## Records for this task
+++++
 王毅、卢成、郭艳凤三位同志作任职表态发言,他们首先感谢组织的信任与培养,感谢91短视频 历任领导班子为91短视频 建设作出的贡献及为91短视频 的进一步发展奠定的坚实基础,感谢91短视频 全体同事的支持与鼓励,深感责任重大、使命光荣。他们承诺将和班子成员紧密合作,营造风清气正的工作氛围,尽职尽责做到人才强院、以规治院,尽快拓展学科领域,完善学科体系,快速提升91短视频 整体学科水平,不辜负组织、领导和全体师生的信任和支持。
+++++
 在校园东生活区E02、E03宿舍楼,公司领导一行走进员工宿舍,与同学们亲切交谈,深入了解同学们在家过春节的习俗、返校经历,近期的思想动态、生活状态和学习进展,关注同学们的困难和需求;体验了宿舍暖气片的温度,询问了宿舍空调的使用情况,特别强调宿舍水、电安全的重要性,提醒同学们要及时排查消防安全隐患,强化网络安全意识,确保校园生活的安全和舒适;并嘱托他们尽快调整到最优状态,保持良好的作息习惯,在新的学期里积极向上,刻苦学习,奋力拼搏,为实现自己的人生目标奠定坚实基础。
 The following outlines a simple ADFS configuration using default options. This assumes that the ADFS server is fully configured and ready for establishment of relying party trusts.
+++++
## Exercise details
Print, without alteration, only the lines above between the one holding "在校园东生活区E02、E03" and the one holding "The following outlines", inclusive.

## Exercise output
 在校园东生活区E02、E03宿舍楼,公司领导一行走进员工宿舍,与同学们亲切交谈,深入了解同学们在家过春节的习俗、返校经历,近期的思想动态、生活状态和学习进展,关注同学们的困难和需求;体验了宿舍暖气片的温度,询问了宿舍空调的使用情况,特别强调宿舍水、电安全的重要性,提醒同学们要及时排查消防安全隐患,强化网络安全意识,确保校园生活的安全和舒适;并嘱托他们尽快调整到最优状态,保持良好的作息习惯,在新的学期里积极向上,刻苦学习,奋力拼搏,为实现自己的人生目标奠定坚实基础。
 The following outlines a simple ADFS configuration using default options. This assumes that the ADFS server is fully configured and ready for establishment of relying party trusts.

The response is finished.